Tens of thousands of federal employees will soon receive a pay raise thanks to an Obama administration decision to designate 13 cities as unique pay localities.
The decision comes after years of deliberation, including tentative approval in May 2013. The cities will now receive unique locality-based pay adjustments, rather than being lumped in with the “rest of United States” grouping.
The 13 cities are: Albany, N.Y.; Albuquerque, N.M.; Austin, Texas; Charlotte, N.C.; Colorado Springs, Co.; Davenport, Iowa; Harrisburg, Pa.; Kansas City, Mo.; Laredo, Texas; Las Vegas, Nev.; Palm Bay, Fla.; St. Louis, Mo.; and Tucson, Ariz.
The Saint Louis area alone is home to 30,000 federal employees, according to the area’s Federal Executive Board Executive Director Arch McKinlay. More than 18,000 feds live in the Kansas City metropolitan area, according to a 2013 OPM report. Albuquerque, Colorado Springs and Tucson were also among the 50 largest populations of federal workers.
“I’m very glad it happened,” McKinlay said. “It was disingenuous to say we were like the ‘rest of the world.’ ” The new designation helps to recognize the area has its own costs of living, he added. The ‘rest of United States’ provided a 14.16 percent pay bump on top of feds’ base salaries in 2014, lower than any of the 33 specific area adjustments.
Larry Hisle, McKinlay’s counterpart in Kansas City, was also appreciative, especially considering his region used to have its own locality pay.
“I think everyone is excited,” Hisle said. While the details are not yet known, he added, “it can only be a good thing.”
The Office of Management and Budget told labor groups the new pay adjustments will take effect in January. The Federal Salary Council -- made up union representatives and pay policy experts -- has for years called for the creation of the new localities, citing data from the Office of Personnel Management and Bureau of Labor and Statistics.
The President’s Pay Agent “tentatively” approved the council’s recommendations in 2013, but did not make a “final decision on what the timing should be for this possible change.” The salary council said at that time, and many times since, that BLS data showed pay in the 13 cities lagged significantly behind that of the private sector and local governments.
“The administration is committed to ensuring the federal government remains competitive in attracting and retaining the nation’s best and brightest individuals for public service,” an OMB official told Government Executive.

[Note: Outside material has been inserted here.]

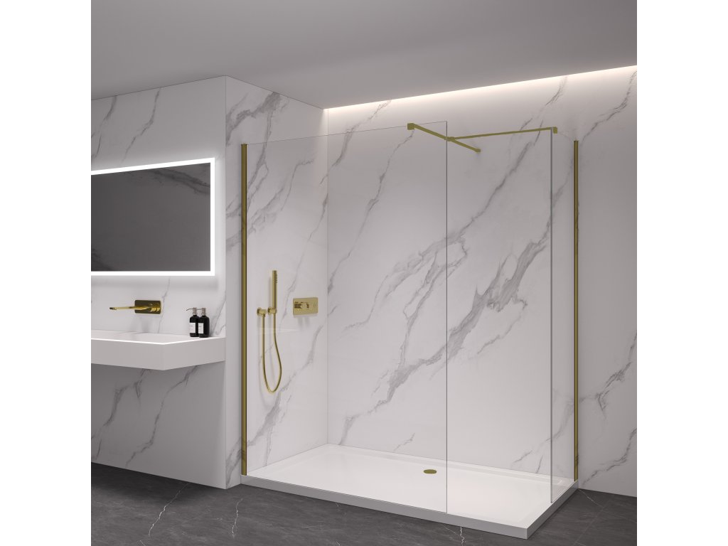CERANO - Sprchová zástěna Walk-in Onyx T L/P - 8 mm - hranatá vzpěra - zlatá kartáčovaná, transparentní sklo - 130x80x200 cm

The official added that is what prompted the administration to institute “modest” pay raises “after years of pay freezes, furloughs and sequestration,” and why it is moving forward with the locality pay areas.
The decision was welcome news to federal employee groups.
“I am delighted that the administration has supported this initiative and come through with its commitment to have the new localities in place starting next year,” said American Federation of Government Employees Public Policy Director and Federal Salary Council member Jacqueline Simon. Federal employees nationwide have suffered terribly from pay freezes and below-market salaries. This is tremendous news and will help many middle-class families pay their bills.”
The specifics of the pay adjustment for each city, as well as the exact boundaries for the metropolitan areas that will be included, will be determined in the coming months.